セブン銀行は、ATMを通じてNFT(非代替性トークン)を配布するデジタルラリー企画を展開しています。2025年10月1日、公式STORYにて「ATMと駅をNFTでつなぐ」プロモーションの事例が紹介されました。本企画は東急電鉄との連携によるもので、沿線の駅や商業施設をめぐりながらNFTスタンプを集める「デジタルスタンプラリー」として実施されています。

対象のセブン銀行ATMで交通系電子マネーをチャージすると、画面または利用明細票に表示されるQRコードを読み取ってNFTスタンプを取得できます。スタンプを3種類すべて集めた参加者には、3D車両NFTや東急線ワンデーパスクーポン、セブンプレミアム商品のデジタルギフトなどが進呈されます。デジタル体験を通じて「お出かけのきっかけづくり」を促進することが狙いです。

ATMを生活のハブに 「+Connect」構想の一環

このNFTラリーは、セブン銀行が掲げる「+Connect(プラスコネクト)」構想の延長線上に位置づけられています。
同社は、ATMを単なる現金取引の装置ではなく、「行政手続き」「本人認証」「サービス案内」など、生活のあらゆる接点を担うプラットフォームへと進化させることを目指しています。

「ATMが、あらゆる手続きや認証の窓口になる世界をつくる」というビジョンのもと、さまざまな企業・自治体との連携を強化。今回のデジタルラリーもその一環として、リアルとデジタルをつなぐ新しい利用体験の実現を図っています。

企業向け「NFT配布サービス」で広がる活用の場

セブン銀行は、法人向けに「NFT配布サービス」も提供しています。企業が自社プロモーションやキャンペーンでNFTを配布できるよう、ATMをマーケティングチャネルとして活用する仕組みです。ATM画面や利用明細票にQRコードを表示し、来店者がNFTを受け取れる形式で、ブランド体験の強化や購買促進に役立てることができます。

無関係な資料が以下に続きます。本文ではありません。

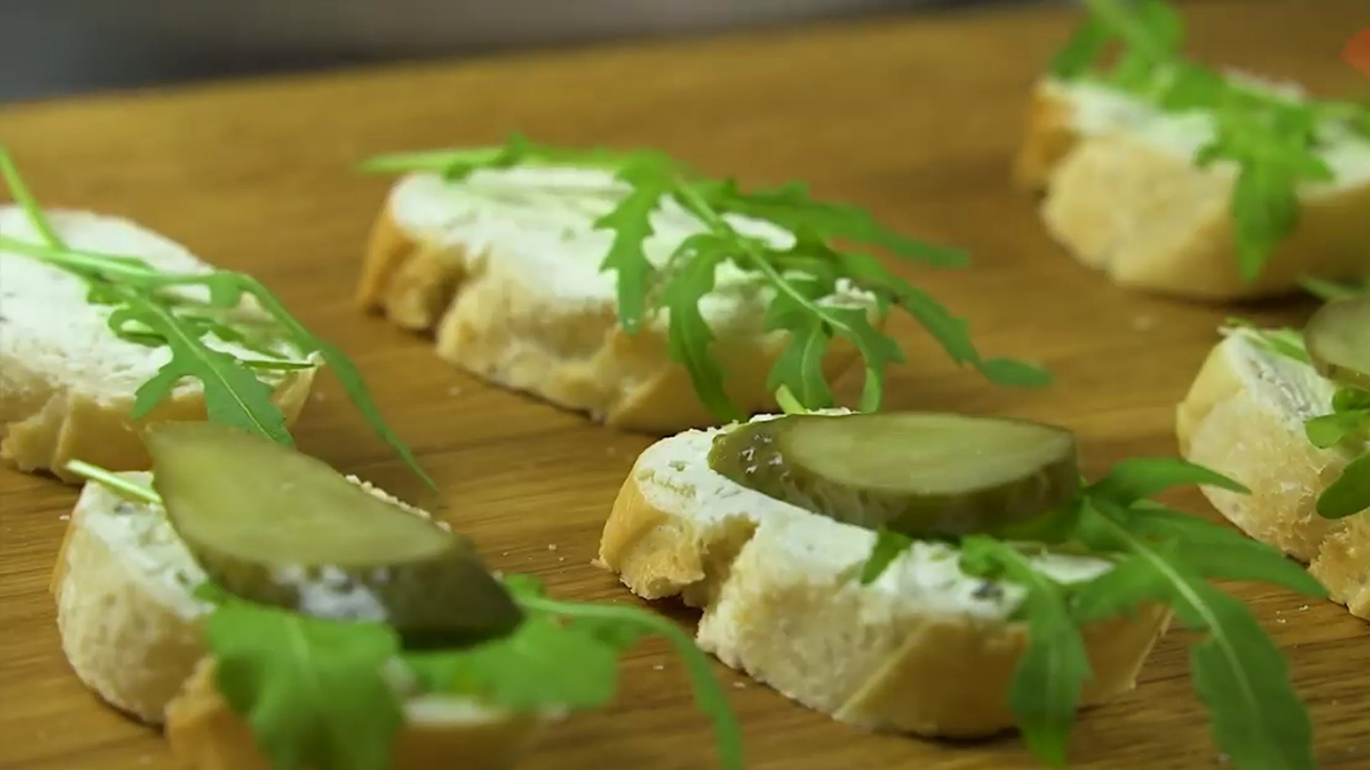 3. Соленый огурец нарезаем на пластинки и выкладываем сверху на рукколу.

この仕組みはすでに公式サイトでも紹介されており、「ATMを活用した新しいマーケティング手法」として注目を集めています。ATMという生活インフラを企業の顧客接点に変える点で、セブン銀行ならではの強みを生かしたDX施策といえます。

過去のNFT募金キャンペーンも好評

NFTを活用した取り組みは今回が初めてではありません。セブン銀行は過去に「NFT募金キャンペーン」を実施し、ATMで寄付を行った人にアートNFTを配布する試みを行っています。統合報告書によると、このキャンペーンでは寄付件数・金額ともに増加傾向を示し、社会貢献とデジタル体験を両立する新たな事例として評価されています。これらの取り組みは、金融とデジタル技術を掛け合わせる「社会参加型DX」の実践として位置づけられ、同社が目指す“体験を提供する銀行”の方向性を具体化するものです。

DX視点で見る「ATMの再定義」

今回のNFTラリーや配布サービスは、金融業界におけるATMの役割を再定義する動きといえます。ATMはこれまで「現金を扱うための装置」でしたが、セブン銀行はこれを「人と情報をつなぐデジタルハブ」へと進化させようとしています。NFTを活用することで、来店者にデジタル特典や体験を提供し、リアル行動を促す新しいマーケティングの形が生まれつつあります。金融インフラをベースにしたこのDXの取り組みは、企業や自治体との連携拡大にもつながり、ATMを“情報の入り口”へと変えていく可能性を秘めています。

今後、セブン銀行がこの仕組みを全国のATMにどこまで広げ、顧客体験の向上と社会連携を両立していくのかが注目されます。金融サービスの枠を超えた“体験型プラットフォーム”としてのATMの進化は、DXの新たな象徴になるかもしれません。